* _DATASET RECORDS_:
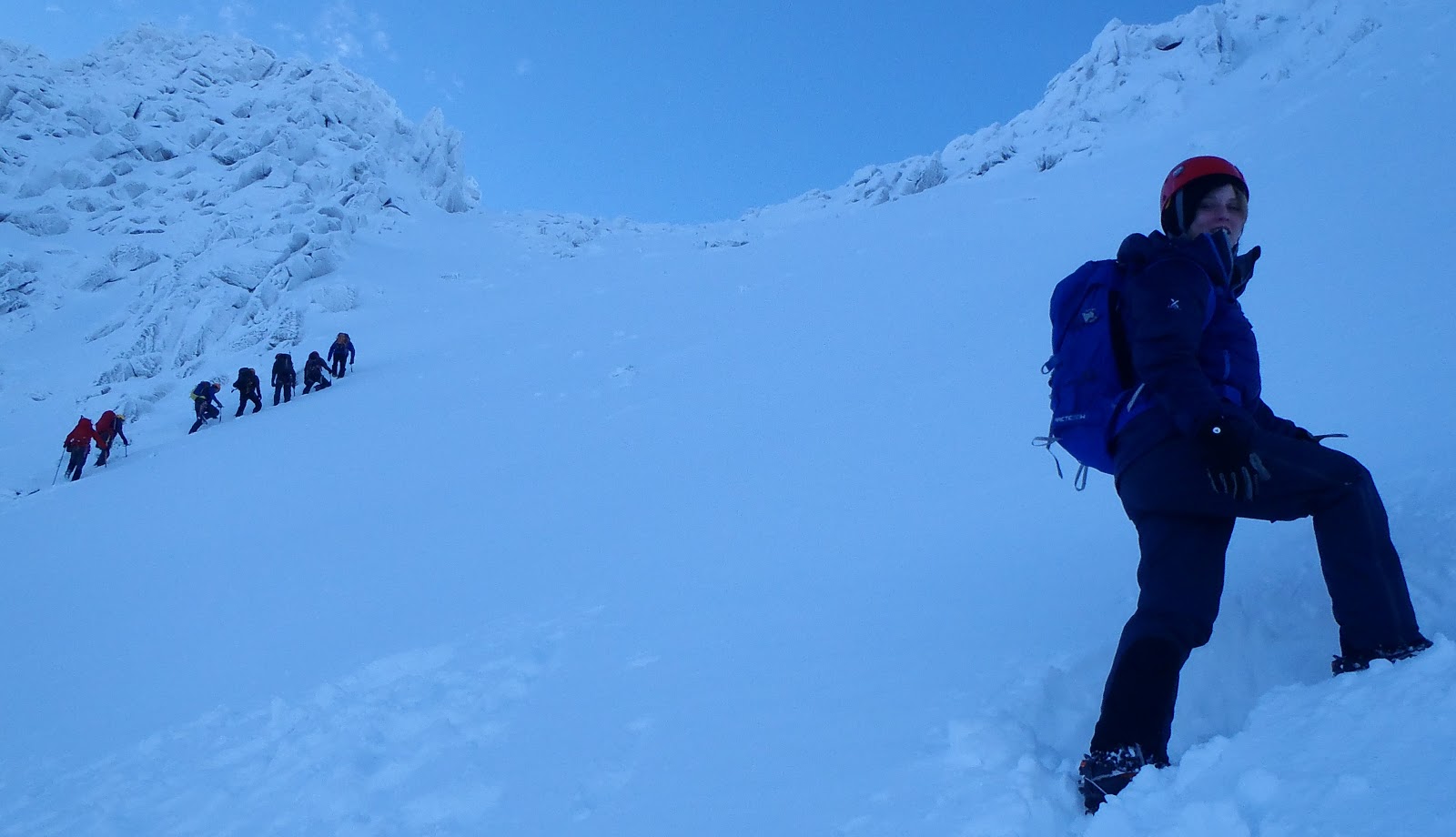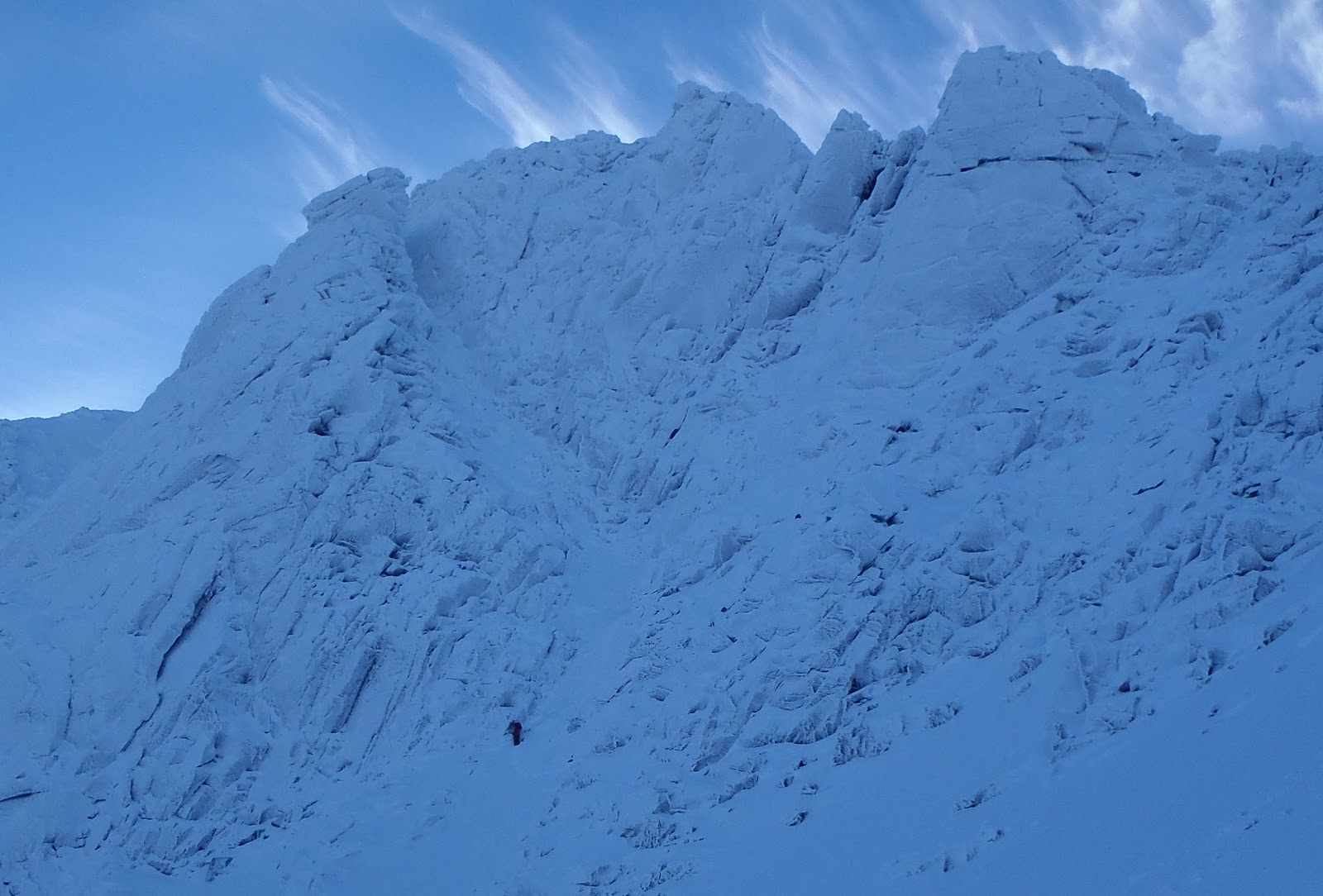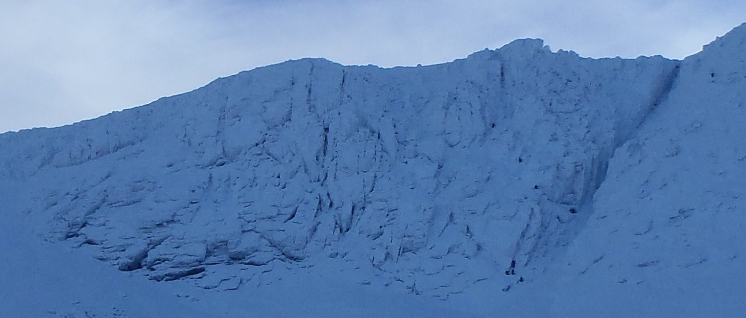 We made our way over to the Fiacaill Buttress, and with crampons, and careful route selection we made our way up to the notch to the right of the crag. There was some 'interesting' snow on the way, and Kevin's team in particular was being cautious of slope convexities, where they had found easy deep shears lower down.
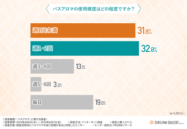 はじめに、「バスアロマの使用頻度はどの程度ですか?」と質問したところ、『週1回未満(31.8%)』『週1・2回(32.8%)』『週3・4回(13.1%)』『週5・6回(3.3%)』『毎日(19.0%)』という回答結果になりました。
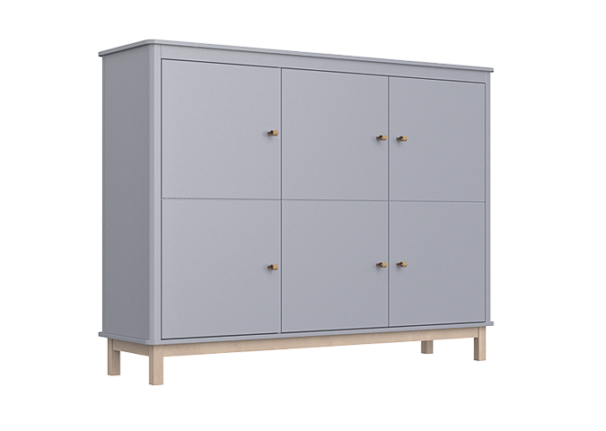 Низкий шкаф classic визуально не загромождает пространство комнаты, но при этом он очень вместительный. Благодаря невысокому расположению полок и вешалки для одежды, ребенку будет удобно им пользоваться самостоятельно. Материал: массив бука/мдф. Ручки из натурально кожи.
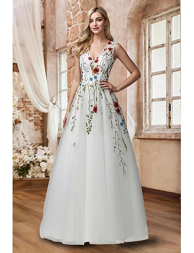 Abiti da sposa A-Line scollo a V senza maniche lungo fino al pavimento in satin abiti da sposa con applicazioni in un colore solido
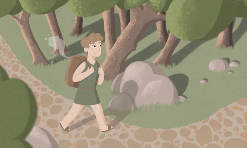 Als er am Kriegsplatz ankam, sah er auf der Seite der Feinde einen richtigen Riesen. Fast drei Meter war er groß. Er hieß Goliath.
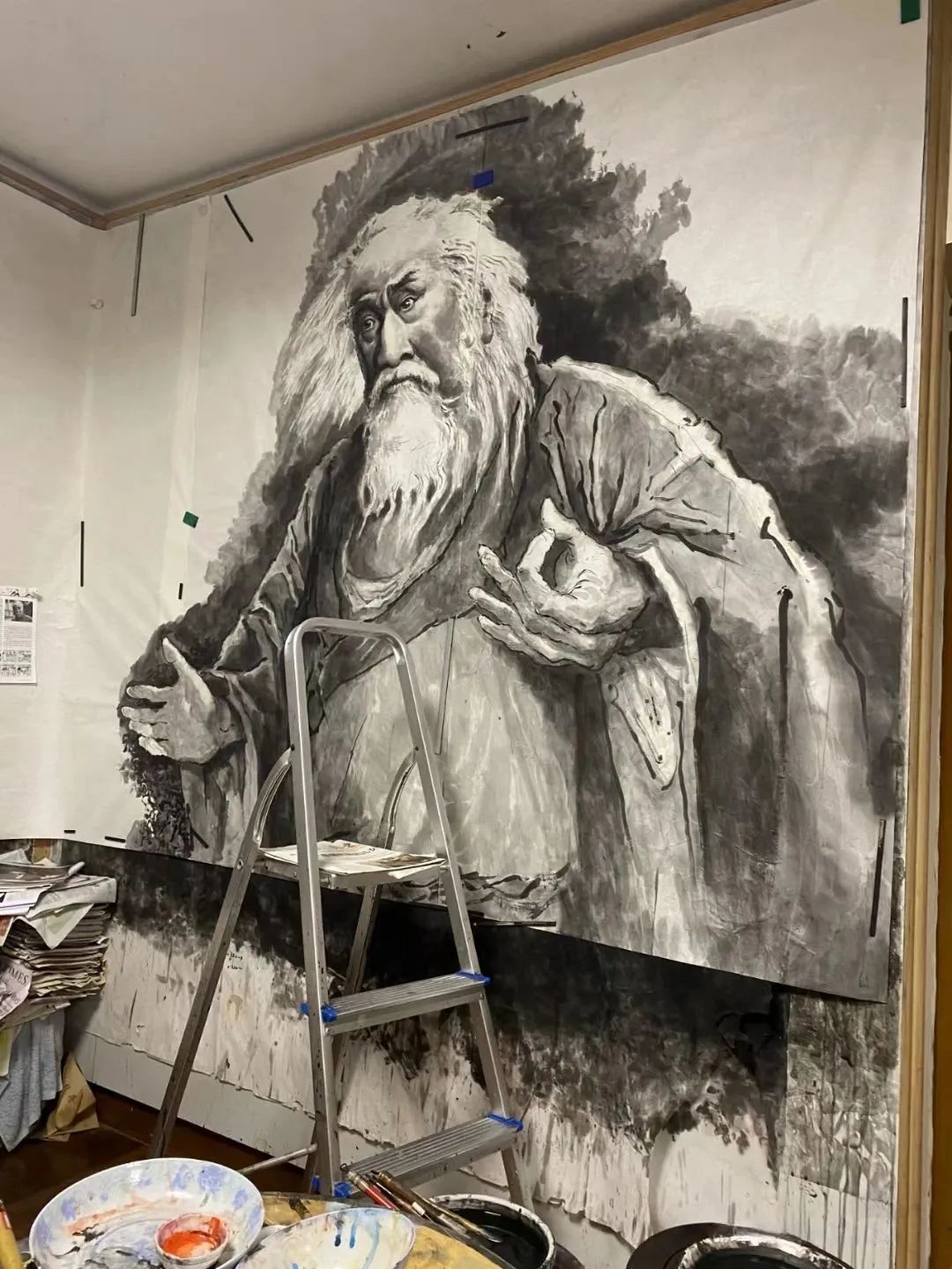 墙上为《道德经》系列大尺幅作品(未完成)
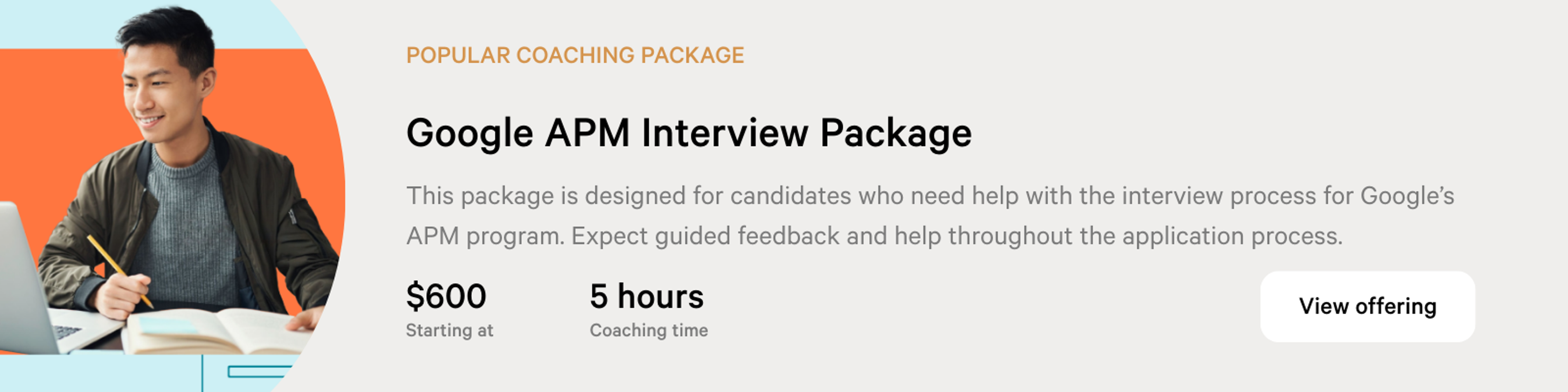 The Google APM program is a fantastic opportunity for aspiring PMs. If you're interested in pursuing a career in product management and want to learn from titans of industry, the APM program is a great place to start. The best way to land a top product management role is to work one-on-one with a coach who can provide personalized guidance and expertise. Below are some of our top coaches with PM experience at top companies; browse all of them here.

* _TASK DIRECTIONS_: Repeat the exact lines from the first line of the data through the line containing "墙上为《道德经》系列大尺幅作品(未完成)". Nothing else, no pictures.

* _SOLUTION TO THIS PROBLEM_:
 We made our way over to the Fiacaill Buttress, and with crampons, and careful route selection we made our way up to the notch to the right of the crag. There was some 'interesting' snow on the way, and Kevin's team in particular was being cautious of slope convexities, where they had found easy deep shears lower down.
 はじめに、「バスアロマの使用頻度はどの程度ですか?」と質問したところ、『週1回未満(31.8%)』『週1・2回(32.8%)』『週3・4回(13.1%)』『週5・6回(3.3%)』『毎日(19.0%)』という回答結果になりました。
 Низкий шкаф classic визуально не загромождает пространство комнаты, но при этом он очень вместительный. Благодаря невысокому расположению полок и вешалки для одежды, ребенку будет удобно им пользоваться самостоятельно. Материал: массив бука/мдф. Ручки из натурально кожи.
 Abiti da sposa A-Line scollo a V senza maniche lungo fino al pavimento in satin abiti da sposa con applicazioni in un colore solido
 Als er am Kriegsplatz ankam, sah er auf der Seite der Feinde einen richtigen Riesen. Fast drei Meter war er groß. Er hieß Goliath.
 墙上为《道德经》系列大尺幅作品(未完成)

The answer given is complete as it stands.